Такие женщины в деревенской тиши настоящий клад. И нежна, и «Кусточков» не проглядит, и приголубить может, и весь дом обегает, за всем сама присмотрит, все прикажет. Блаженствуй! Хорошо этакую «куколку» по головке погладить и потом сказать ей: "А что, Машенька, кабы теперь вареньица!" Хорошо целовать эти глазки и читать в них, как они думают: что бы еще велеть с погреба принести! Да и не надоедлива ведь она: прибежит, сядет к тебе на колени, вспомнит, что нужно насчет белья распорядиться, – вскочит и убежит; потом опять прибежит, на колени сядет – и опять вспомнит, что Смарагдушке нужно пупочек бобковою мазью потереть… Вот настоящее utile dulce; вот единственное условие, при котором никакое деревенское захолустье опостылеть не может! Но, может быть, опостылеет жизнь вообще?..
Нет, едва ли и это. По крайней мере, Филофей, наверное, совсем не так думает. Не знаю, почему мне вспал на ум этот Филофей, но я убежден, что он тут что-нибудь маклерит. Недаром два раза Машенька покраснела при его имени. Конечно, он такой же крупный и вальяжный, как и Савва Силыч, и из такого же ноздреватого известкового камня вырублен. Маленькие женщины сначала боятся таких идолов, а потом льнут к ним: защиту себе видят. Муж нервный, худощавый, болезненный не защитит. А вот как целая глыба под руками, стоит только присесть сзади, никто и не увидит. Таков первоначальный повод для привязанности, а потом, разумеется, и другие найдутся. А Машенька уж обтерпелась за Саввой Силычем, и Филофей это знает. Может быть, он и тогда, при жизни мужа, уж думал: "Мерзавец этот Савка! какую штучку поддел! вон как она ходит! ишь! ишь! так по струнке и семенит ножками!" И кто же знает, может быть, он этому Савке, другу своему, даже подсыпал чего-нибудь, чтоб поскорей завладеть этою маленькою женщиной, которая так охотно пойдет за тем, кто первый возьмет ее за ручку, и потом всю жизнь будет семенить ножками по струнке супружества!

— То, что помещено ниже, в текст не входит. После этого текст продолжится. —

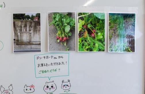 まると食堂は、区報紙面にもご登場いただいた石井さんが、地域企業などに声を掛けたりして食材を寄付していただくこともあるようです。今回の取材時にも、菅刈公園の畑で栽培されたラディッシュの寄付を受け、調理に生かしていました。

Но это была уже уголовщина, и я поспешил опомниться. Машенька правду сказала: нельзя со мной серьезно говорить! Сейчас я на окольную дорогу сверну и начну совсем о другом. И с какой стати я к этому Филофею привязался! Может быть, это просто семинарист какой-нибудь – и сам семинарист, и, кроме того, еще друг покойного семинариста, – который, по старой сквалыжнической привычке, заезжает в Березники, на перепутье из деревни в земскую управу, потому только, что у Машеньки сладенько поесть можно! Приедет, наестся, выспится, наговорит изречений из старых прописей – и отправится дальше…
Покуда я так размышлял, доложили, что пришел Анисимушко.
Анисимушко – старик древний, лет под восемьдесят, но еще бодрый на вид, хотя и ходит с палкою. Осанку он имеет важную, лицо почтенное, выражающее, что он себе цену понимает. Садится, не дожидаясь позволения, и говорит барыне «ты». Вообще, это одна из тех личностей, без совета с которыми, при крепостном праве, помещики шагу не делали, которых называли «министрами» и которые пользовались привилегией "говорить правду", но не забываться, подобно тем своим знатным современникам, которые, в более высокой сфере, имели привилегию
Истину царям с улыбкой говорить…
Анисимушко вошел степенно, важно; не торопясь помолился в восточный угол, где висел образ, потом поклонился мне и барыне и сел.
– Вот и Анисимушко, рекомендую! – произнесла Машенька, – мой советчик, руководитель и, можно сказать даже, друг. Надеюсь, что ты позволишь нам поговорить?
– Ах, сделай одолжение!
– Ну, что, Анисимушко, скажешь?
– Клинцы, сударыня, продают.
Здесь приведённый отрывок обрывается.